For this reason, the amount of movement of the pressure-intensifying cylinder 20 can always be a constant amount corresponding to the reference pressure-increasing stroke Sa, and the pressure at the time of pressure-increasing can be made uniform to perform a more stable pressure-increasing operation.

Furthermore, by performing averaging for the number of times of sampling N for the pressure increase start position Dx, it is possible to appropriately avoid inconveniences such as the setting being excessively sensitive to one-off fluctuations and the like. Can be arbitrarily adjusted by setting the number of samplings N.
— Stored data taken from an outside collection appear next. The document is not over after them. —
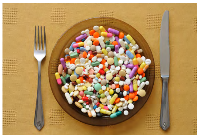
An increased appetite for pills
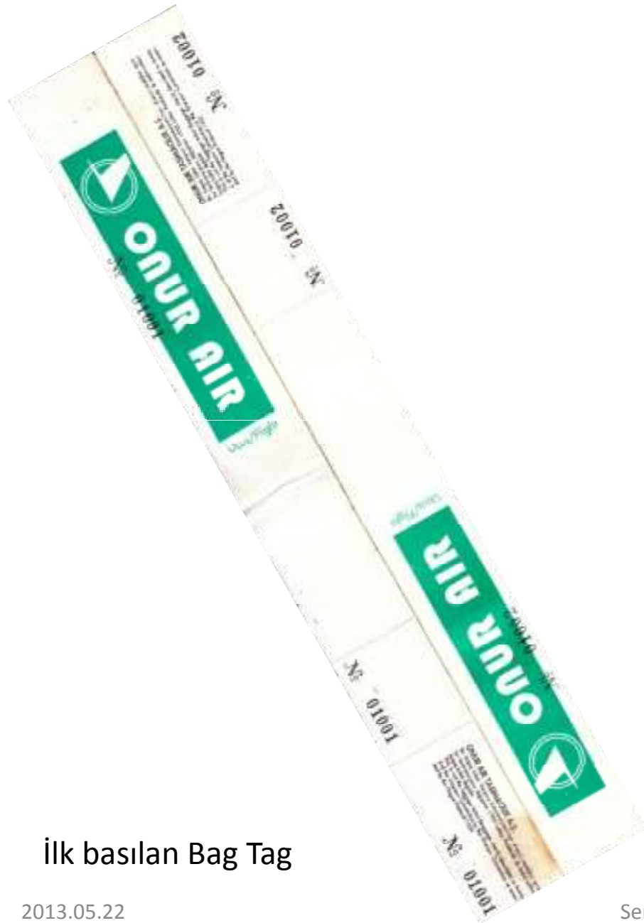
İlk basılan Bag Tag
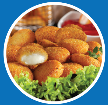
Goats Cheese Bites
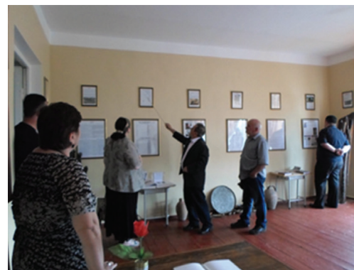
Museum of Udi Culture, Zinobiani
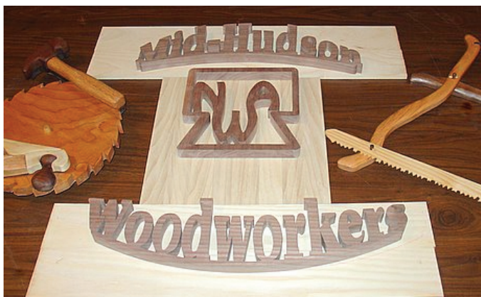
New chapter sign

New Sign: Thanks to Bob Boisvert and the scrollers for producing a new chapter sign for Showcase... their work in progress is pictured below.

Note that the present invention is not limited to the above-described embodiment, and for example, the types of the encoders 15 and 25 for detecting the movement amounts on the single acting side and the pressure increasing side are arbitrary. The types of the single-acting cylinder 10 and the pressure-intensifying cylinder 20 are also arbitrary, and the present invention can be applied to injection control of various die casting machines.

〔The invention's effect〕

As described above, according to the present invention, by controlling the pressure increase operation based on the preset reference pressure increase stroke and the pressure increase start signal transmission position obtained from the stroke end position in the previous injection cycle, various pressure increase operations are performed. Automatic correction can be performed for fluctuations and the like, and an appropriate pressure increasing operation can always be performed.
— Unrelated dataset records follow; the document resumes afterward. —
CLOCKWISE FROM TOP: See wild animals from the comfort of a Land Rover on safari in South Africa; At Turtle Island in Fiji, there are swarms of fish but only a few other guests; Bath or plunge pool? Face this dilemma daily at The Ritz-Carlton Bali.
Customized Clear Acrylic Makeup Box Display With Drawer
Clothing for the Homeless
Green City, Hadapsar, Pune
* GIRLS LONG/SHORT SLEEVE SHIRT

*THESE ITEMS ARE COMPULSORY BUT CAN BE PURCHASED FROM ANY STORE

[Brief description of the drawings]

FIG. 1 is a hydraulic circuit diagram showing an embodiment of the present invention, FIG. 2 is a cross-sectional view showing a main part of the embodiment, FIG. 3 is a cross-sectional view showing a main part of an injection cylinder, and FIG. FIG. 5 is a flow chart showing a processing procedure of the embodiment, FIG. 6 is a sectional view showing a basic configuration of a conventional die casting machine, and FIG. 7 is a conventional die casting machine. FIGS. 8 and 9 are hydraulic circuit diagrams showing a driving method in a conventional die casting machine, respectively. 10 …… Single acting cylinder, 15 …… Single acting encoder, 20 ……
Pressure booster cylinder, 25 Pressure booster encoder, 30 Control means, 33 Stroke end detection unit, 34 Pressure boost stroke setting unit, 37 Pressure boost start signal transmission position setting unit, 38
... Pressure increase start signal transmission position detector.

Claims (2)

(57) [Claims] An injection control method for a die-casting machine in which a single-acting cylinder is advanced to perform filling when a molten metal is injected, and then a pressure-intensifying cylinder is advanced to increase pressure. Detects the stroke end position after the pressure is completed, sets the pressure increase start signal transmission position before the position by the reference pressure increase stroke set in advance, and advances the single-acting cylinder to advance the molten metal in the next injection cycle. An injection control method for a die casting machine, characterized in that when the stroke of a single-acting cylinder that is being charged and moving forward reaches a pressure-increasing start signal transmission position, a pressure-increasing start signal for instructing the pressure-intensifying cylinder to advance is transmitted. 2. The injection control of a die-casting machine according to claim 1, wherein an actual stroke of the pressure-intensifying cylinder is detected and a pressure-intensifying start signal transmission position is adjusted so that the stroke is constant. Method.